Information shown
Segment Open

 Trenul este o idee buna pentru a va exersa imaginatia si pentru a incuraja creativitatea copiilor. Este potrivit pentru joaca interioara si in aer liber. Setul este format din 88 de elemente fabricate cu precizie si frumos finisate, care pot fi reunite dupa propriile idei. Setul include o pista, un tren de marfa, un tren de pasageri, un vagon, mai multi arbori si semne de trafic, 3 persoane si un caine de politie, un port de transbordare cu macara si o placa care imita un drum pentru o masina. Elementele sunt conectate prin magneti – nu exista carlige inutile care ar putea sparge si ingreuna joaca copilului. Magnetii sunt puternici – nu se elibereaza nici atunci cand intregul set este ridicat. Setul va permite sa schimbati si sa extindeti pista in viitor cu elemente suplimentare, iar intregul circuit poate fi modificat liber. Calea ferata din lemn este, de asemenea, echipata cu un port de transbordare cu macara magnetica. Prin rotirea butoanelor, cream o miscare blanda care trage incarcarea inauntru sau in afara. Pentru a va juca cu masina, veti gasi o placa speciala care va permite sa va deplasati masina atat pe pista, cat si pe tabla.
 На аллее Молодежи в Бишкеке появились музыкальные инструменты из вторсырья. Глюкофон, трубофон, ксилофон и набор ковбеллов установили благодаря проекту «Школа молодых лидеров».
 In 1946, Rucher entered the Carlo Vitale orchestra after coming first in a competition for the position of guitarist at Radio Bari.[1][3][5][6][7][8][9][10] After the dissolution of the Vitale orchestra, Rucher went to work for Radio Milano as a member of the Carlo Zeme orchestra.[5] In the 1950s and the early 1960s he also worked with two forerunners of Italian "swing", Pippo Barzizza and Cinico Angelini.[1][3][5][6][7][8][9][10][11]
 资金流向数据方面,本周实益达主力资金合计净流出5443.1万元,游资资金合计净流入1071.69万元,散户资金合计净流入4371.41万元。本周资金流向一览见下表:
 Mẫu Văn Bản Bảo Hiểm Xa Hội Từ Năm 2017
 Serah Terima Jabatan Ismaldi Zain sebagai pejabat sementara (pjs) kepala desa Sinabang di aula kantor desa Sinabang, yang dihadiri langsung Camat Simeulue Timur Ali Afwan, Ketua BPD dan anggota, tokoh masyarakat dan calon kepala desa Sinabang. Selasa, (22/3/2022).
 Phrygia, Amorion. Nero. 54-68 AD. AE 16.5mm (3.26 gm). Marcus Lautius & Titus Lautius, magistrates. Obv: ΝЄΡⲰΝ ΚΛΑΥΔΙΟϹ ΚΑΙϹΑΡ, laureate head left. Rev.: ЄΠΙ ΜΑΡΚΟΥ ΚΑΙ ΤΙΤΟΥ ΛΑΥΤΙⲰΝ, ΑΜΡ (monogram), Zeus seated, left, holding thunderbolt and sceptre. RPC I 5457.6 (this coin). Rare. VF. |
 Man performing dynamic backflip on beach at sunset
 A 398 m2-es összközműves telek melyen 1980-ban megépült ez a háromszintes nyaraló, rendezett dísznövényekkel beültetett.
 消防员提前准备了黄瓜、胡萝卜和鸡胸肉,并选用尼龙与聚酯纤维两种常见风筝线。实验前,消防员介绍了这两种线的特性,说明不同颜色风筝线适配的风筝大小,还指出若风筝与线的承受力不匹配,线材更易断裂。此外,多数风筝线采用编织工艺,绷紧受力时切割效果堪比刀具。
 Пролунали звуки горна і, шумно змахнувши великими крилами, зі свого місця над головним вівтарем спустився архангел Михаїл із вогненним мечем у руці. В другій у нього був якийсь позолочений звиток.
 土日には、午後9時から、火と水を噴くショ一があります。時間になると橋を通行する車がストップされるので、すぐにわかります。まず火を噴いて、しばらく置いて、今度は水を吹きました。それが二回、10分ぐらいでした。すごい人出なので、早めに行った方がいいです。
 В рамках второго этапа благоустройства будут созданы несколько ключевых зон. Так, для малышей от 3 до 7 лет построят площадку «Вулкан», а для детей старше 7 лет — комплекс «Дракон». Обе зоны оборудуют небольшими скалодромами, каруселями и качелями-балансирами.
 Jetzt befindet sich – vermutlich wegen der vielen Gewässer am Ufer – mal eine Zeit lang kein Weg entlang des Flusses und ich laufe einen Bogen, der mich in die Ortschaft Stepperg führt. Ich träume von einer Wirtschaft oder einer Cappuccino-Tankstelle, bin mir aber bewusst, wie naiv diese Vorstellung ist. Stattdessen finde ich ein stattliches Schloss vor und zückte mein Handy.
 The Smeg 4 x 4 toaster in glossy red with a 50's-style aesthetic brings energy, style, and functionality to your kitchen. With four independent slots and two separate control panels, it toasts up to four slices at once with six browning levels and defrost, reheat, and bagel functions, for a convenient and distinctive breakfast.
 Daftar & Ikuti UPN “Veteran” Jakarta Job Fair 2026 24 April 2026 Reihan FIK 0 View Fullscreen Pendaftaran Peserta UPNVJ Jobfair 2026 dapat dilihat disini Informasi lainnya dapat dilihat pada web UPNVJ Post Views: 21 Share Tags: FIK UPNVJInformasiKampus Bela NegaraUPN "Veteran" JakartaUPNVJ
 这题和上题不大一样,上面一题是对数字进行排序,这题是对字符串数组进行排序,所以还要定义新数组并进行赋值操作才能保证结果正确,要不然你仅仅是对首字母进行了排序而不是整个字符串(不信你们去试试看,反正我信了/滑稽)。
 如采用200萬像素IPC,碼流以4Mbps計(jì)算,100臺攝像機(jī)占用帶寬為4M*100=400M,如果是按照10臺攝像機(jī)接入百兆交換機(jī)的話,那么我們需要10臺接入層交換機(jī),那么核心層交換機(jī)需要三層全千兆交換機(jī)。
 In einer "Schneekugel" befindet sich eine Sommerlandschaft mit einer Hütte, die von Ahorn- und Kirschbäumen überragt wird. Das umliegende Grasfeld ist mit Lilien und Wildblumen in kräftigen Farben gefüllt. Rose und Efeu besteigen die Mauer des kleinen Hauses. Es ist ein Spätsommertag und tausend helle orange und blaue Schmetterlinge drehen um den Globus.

Segment Closed

Print, exactly and only, the lines running from the one with "如采用200萬像素IPC,碼" to the end of the data above.

Solved problem
 如采用200萬像素IPC,碼流以4Mbps計(jì)算,100臺攝像機(jī)占用帶寬為4M*100=400M,如果是按照10臺攝像機(jī)接入百兆交換機(jī)的話,那么我們需要10臺接入層交換機(jī),那么核心層交換機(jī)需要三層全千兆交換機(jī)。
 In einer "Schneekugel" befindet sich eine Sommerlandschaft mit einer Hütte, die von Ahorn- und Kirschbäumen überragt wird. Das umliegende Grasfeld ist mit Lilien und Wildblumen in kräftigen Farben gefüllt. Rose und Efeu besteigen die Mauer des kleinen Hauses. Es ist ein Spätsommertag und tausend helle orange und blaue Schmetterlinge drehen um den Globus.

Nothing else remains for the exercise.